[TASK MATERIAL]

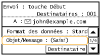 Appuyez sur <Objet/Message>.
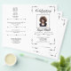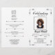 Att fira det foldade programmets liv i svartvitt, med elegant typsnitt. Det här begravningsprogrammet är ett speciellt sätt att minnas din älskade. Redigera enkelt alla formuleringar för att passa de tjänster och minnen som du vill . Lägg till ett foto av din älskade tillsammans med deras namn och levnadsår. På baksidan kan du skriva obituarien och programmet. Det finns gott om utrymme för att beskriva din minnesstund. Berätta för mig om du behöver hjälp med att hitta matchande objekt. Fäst dig själv för en elegant och ett konkret begravningsprogram!
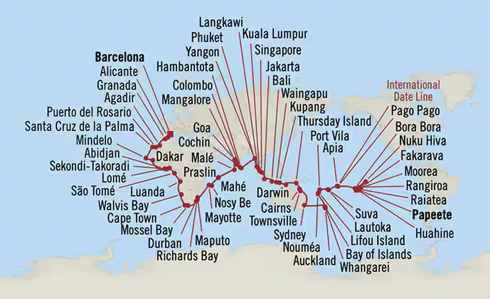 • Service de navette OFFERT du navire au centre-ville dans de nombreux ports d’escale – pour une valeur allant jusqu’à U$50 par jour et par passager
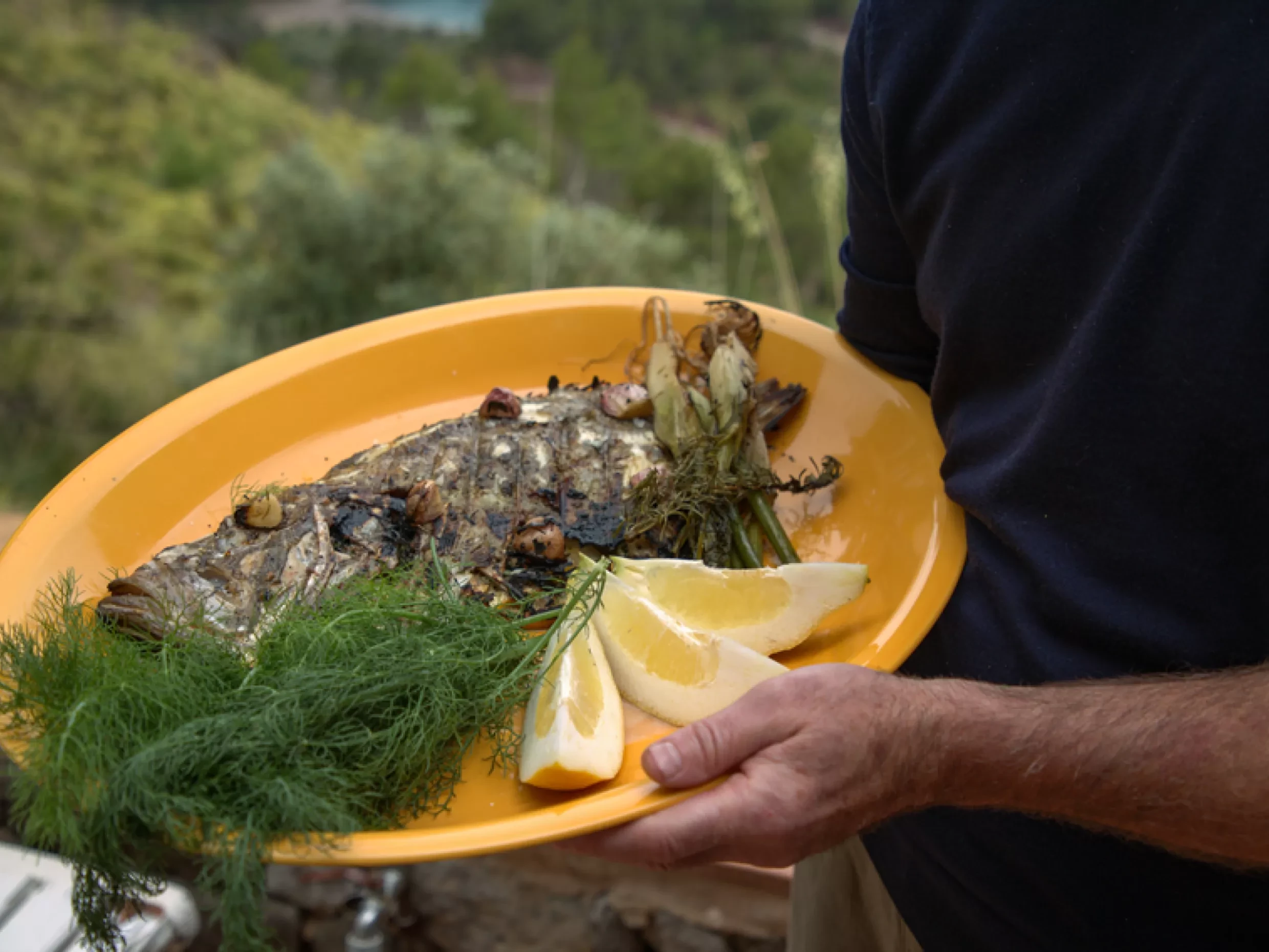 - Remove the fish and tin foil parcel from the fire. Plate up the fish on a large serving platter and frame with the roasted fennel and lemon wedges, garnish with fennel fronds and garlic cloves on top. Drizzle olive oil over the fish and serve alongside the potato salad.
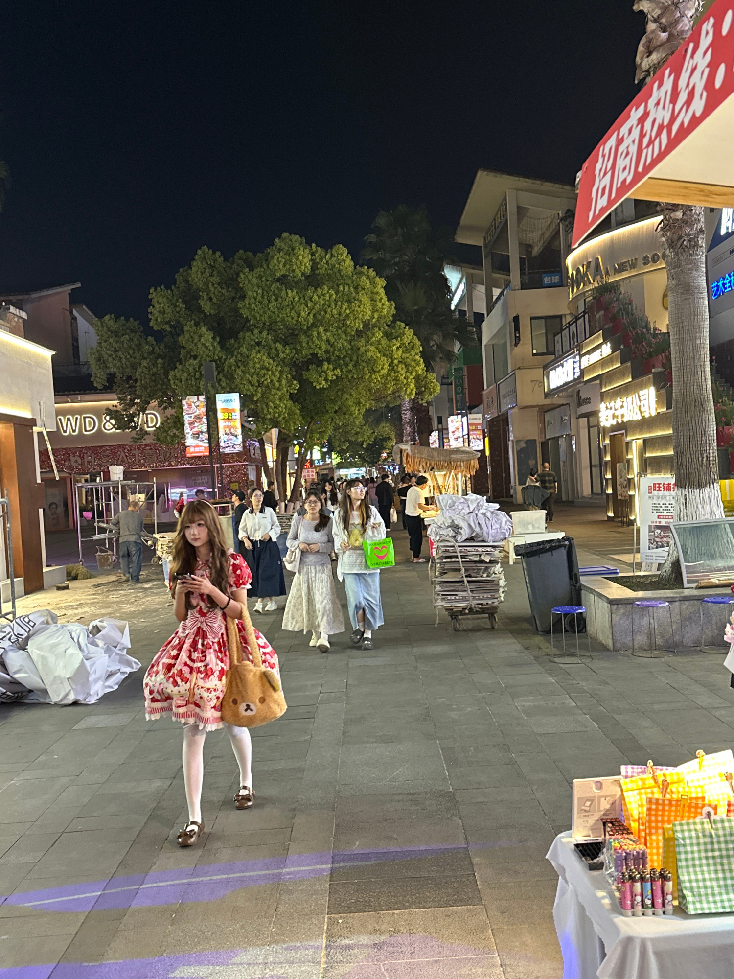 The image shows a group of people on a street in what appears to be a commercial area. The street has several shops and businesses, as indicated by the signs and storefronts. At the front of the groupβ¦read more

[/TASK MATERIAL]

**TASK REQUIREMENTS**
Nothing but the lines from the line holding "- Remove the" through the last line of the entries above is to be reproduced, exactly and without pictures.

**SOLUTION TO THIS PROBLEM**
 - Remove the fish and tin foil parcel from the fire. Plate up the fish on a large serving platter and frame with the roasted fennel and lemon wedges, garnish with fennel fronds and garlic cloves on top. Drizzle olive oil over the fish and serve alongside the potato salad.
 The image shows a group of people on a street in what appears to be a commercial area. The street has several shops and businesses, as indicated by the signs and storefronts. At the front of the groupβ¦read more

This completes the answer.